━━━ GIVEN DATA ━━━

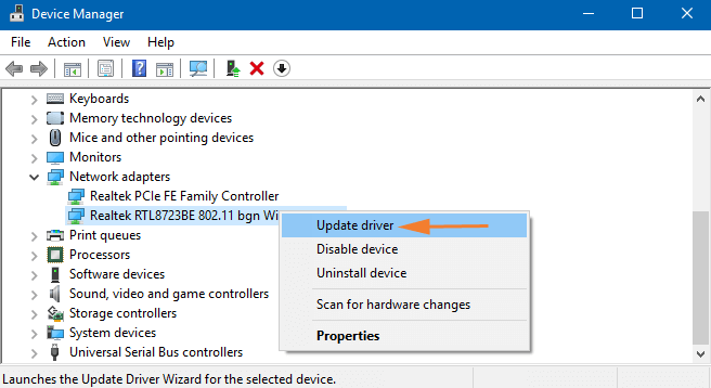 步骤4:确保无线适配器后,右键单击它。很快,列表中会出现几个选项,单击“更新驱动程序”.
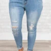 This is your moment to grab these gorgeous jeans! They have a medium wash that is a season favorite! They are stretchy, figure flattering, and great for all day wear! Style these jeans with a sassy shirt or a graphic tee for a classic chic look!
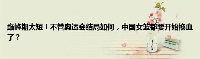 巅峰期太短!不管奥运会结局如何,中国女篮都要开始换血了?
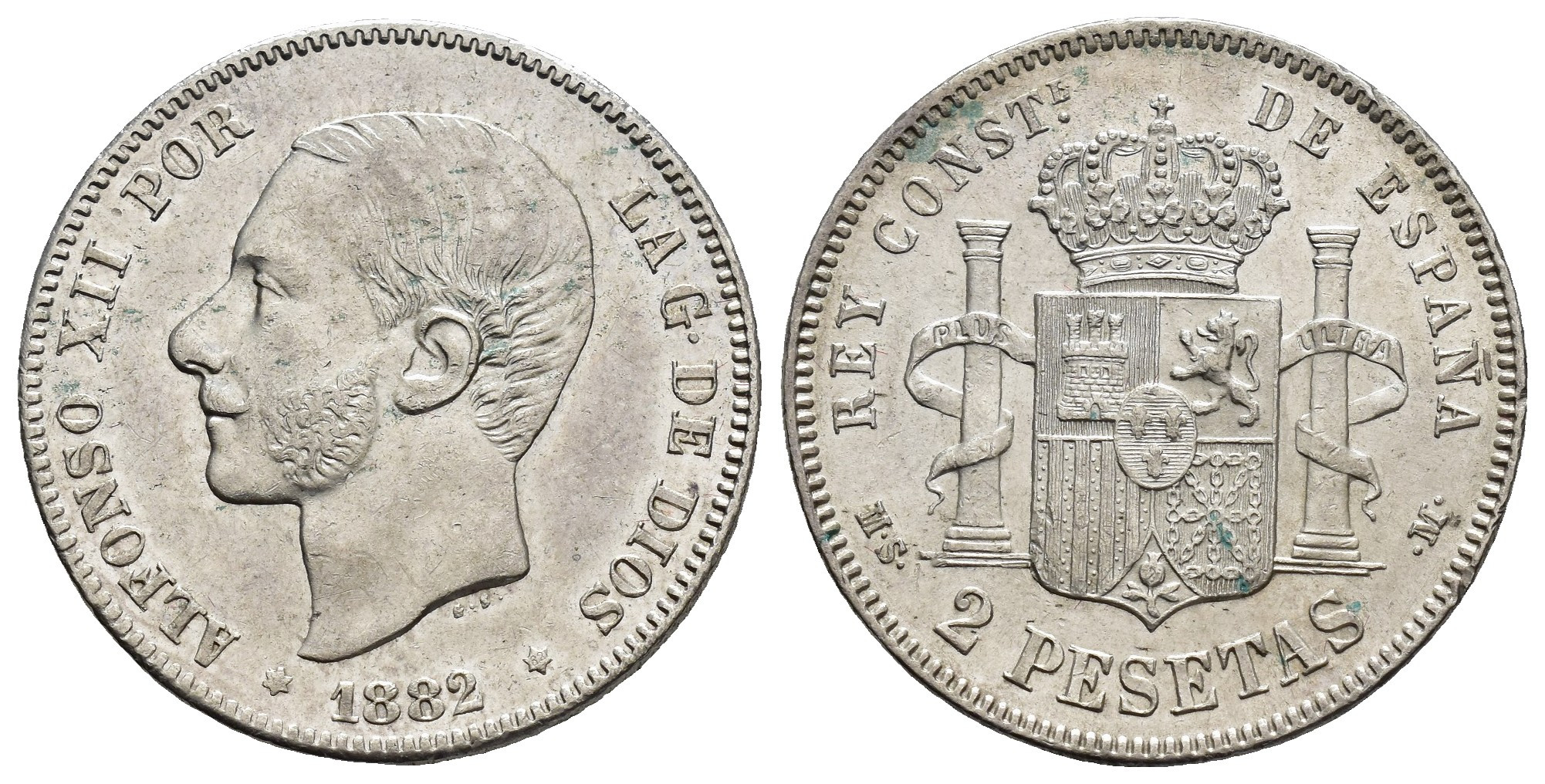 ALFONSO XII. 2 pesetas. 1882*1-82. Madrid. MSM. AR 9,96 g. 27,1 mm. VII-72; AC-32. R.B.O. EBC-.
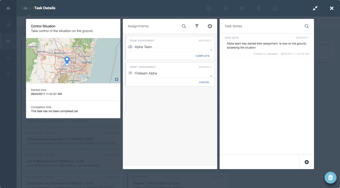 Create tasks for your users, teams and assets that will help in the resolution of an incident. Watch as they report progress, communicate with them while they're in the field, and assign more people to help them as they request further assistance.
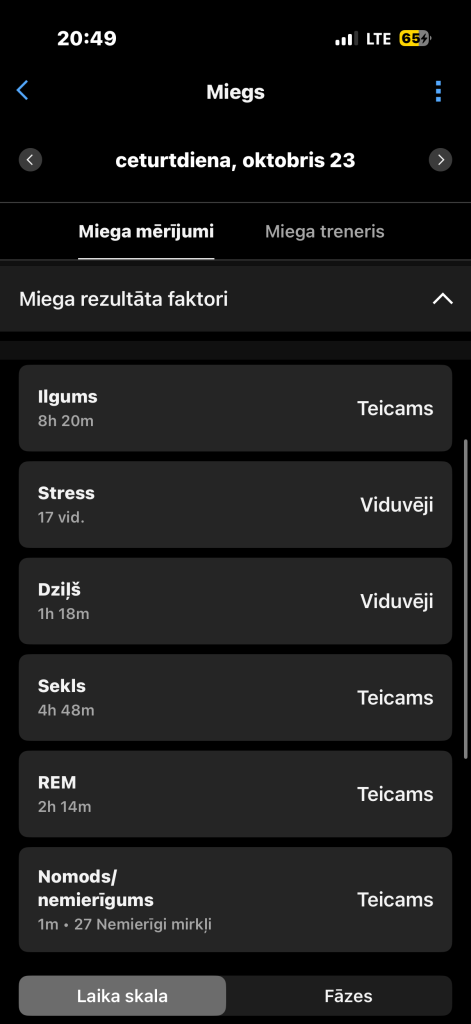 Pēcāk seko “Miega rezultāta faktori”. Šeit atkal parādās miega ilgums, stresa līmenis, dziļa, sekla un REM miega rādītāji, kā arī tas, cik ilgi miegs ir bijis nemierīgs vai arī esat bijis nomodā.
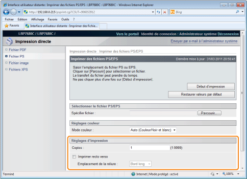 Si vous utilisez une imprimante LBP7660CdnPour utiliser l'impression directe avec des fichiers PS/EPS, vous devez installer le module PS ROM en option.
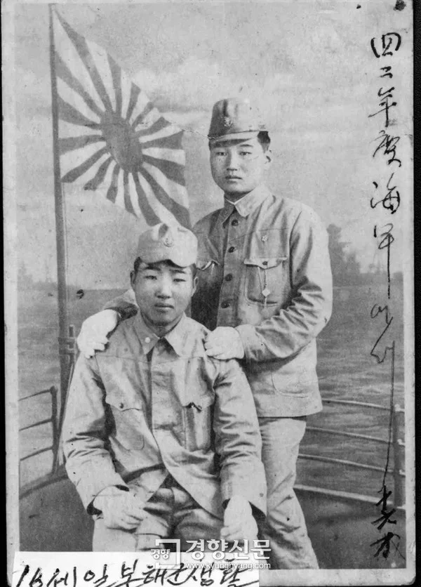일본군으로 강제 징집된 2명의 젊은이가 일본 나가사키 해군사령부의 함정에서 사진을 찍었다. 욱일승천기를 배경으로 한 한국 두 젊은이의 표정에서는 슬품이 묻어난다.│광주시 제공 / 경향신문 2025.8.11

━━━

== WHAT THE TASK REQUIRES ==
Set down every record exactly, without the pictures.

== RESULT ==
 步骤4:确保无线适配器后,右键单击它。很快,列表中会出现几个选项,单击“更新驱动程序”.
 This is your moment to grab these gorgeous jeans! They have a medium wash that is a season favorite! They are stretchy, figure flattering, and great for all day wear! Style these jeans with a sassy shirt or a graphic tee for a classic chic look!
 巅峰期太短!不管奥运会结局如何,中国女篮都要开始换血了?
 ALFONSO XII. 2 pesetas. 1882*1-82. Madrid. MSM. AR 9,96 g. 27,1 mm. VII-72; AC-32. R.B.O. EBC-.
 Create tasks for your users, teams and assets that will help in the resolution of an incident. Watch as they report progress, communicate with them while they're in the field, and assign more people to help them as they request further assistance.
 Pēcāk seko “Miega rezultāta faktori”. Šeit atkal parādās miega ilgums, stresa līmenis, dziļa, sekla un REM miega rādītāji, kā arī tas, cik ilgi miegs ir bijis nemierīgs vai arī esat bijis nomodā.
 Si vous utilisez une imprimante LBP7660CdnPour utiliser l'impression directe avec des fichiers PS/EPS, vous devez installer le module PS ROM en option.
일본군으로 강제 징집된 2명의 젊은이가 일본 나가사키 해군사령부의 함정에서 사진을 찍었다. 욱일승천기를 배경으로 한 한국 두 젊은이의 표정에서는 슬품이 묻어난다.│광주시 제공 / 경향신문 2025.8.11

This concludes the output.